Python functions are defined using the def keyword. For example:

In [34]:
def sign(x):
    if x > 0:
        return 'positive'
    elif x < 0:
        return 'negative'
    else:
        return 'zero'

for x in [-1, 0, 1]:
    print(sign(x))
    

negative
zero
positive


We will often define functions to take optional keyword arguments, like this:

In [35]:
def hello(name, loud=False):
    if loud:
        print('HELLO, %s!' % name.upper())
    else:
        print('Hello, %s' % name)

hello('Bob')
hello('Fred', loud=True)

Hello, Bob
HELLO, FRED!


### Classes

The syntax for defining classes in Python is straightforward:

In [36]:
class Greeter(object):

    # Constructor
    def __init__(self, name):
        self.name = name  # Create an instance variable

    # Instance method
    def greet(self, loud=False):
        if loud:
            print('HELLO, %s!' % self.name.upper())
        else:
            print('Hello, %s' % self.name)

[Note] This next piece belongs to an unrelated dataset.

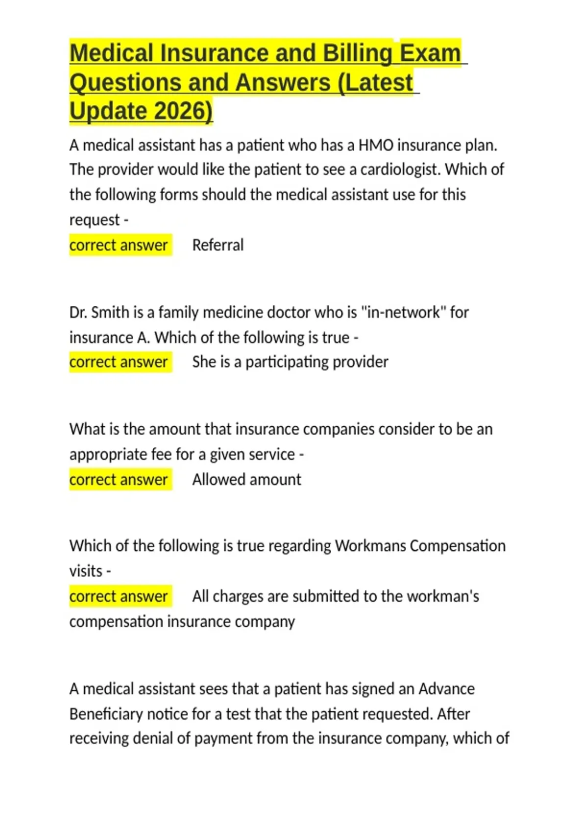 Medical Insurance and Billing Exam Questions and Answers (Latest Update 2026).docx

g = Greeter('Fred')  # Construct an instance of the Greeter class
g.greet()            # Call an instance method; prints "Hello, Fred"
g.greet(loud=True)   # Call an instance method; prints "HELLO, FRED!"

Hello, Fred
HELLO, FRED!


### File I/O Operations

In Python, a physical file must be mapped to a built-in file object with the help of built-in function `open()`.

#### Writing to a File

Two different built-in methods are provided to write data to a file:

* `write()`: writes string into a text file in a single line.
* `writelines()`: writes list of string into a text file in multiple lines.

In [37]:
strings = ["Welcome to Nimblebox\n", "Open source is the best"]
with open("output.txt", "w+") as file:
    file.write("Hey there user!\n")
    file.writelines(strings)

#### Reading from a File

Three different built-in methods are provided to read data from a file:

* `readline()`: reads the characters starting from the current reading position up to a newline character.
* `read()`: reads the specified number of characters starting from the current position.
* `readlines()`: reads all lines until the end of file and returns a list object

In [38]:
with open("output.txt", "r") as file:
    data = file.readline()
    print(data)

Hey there user!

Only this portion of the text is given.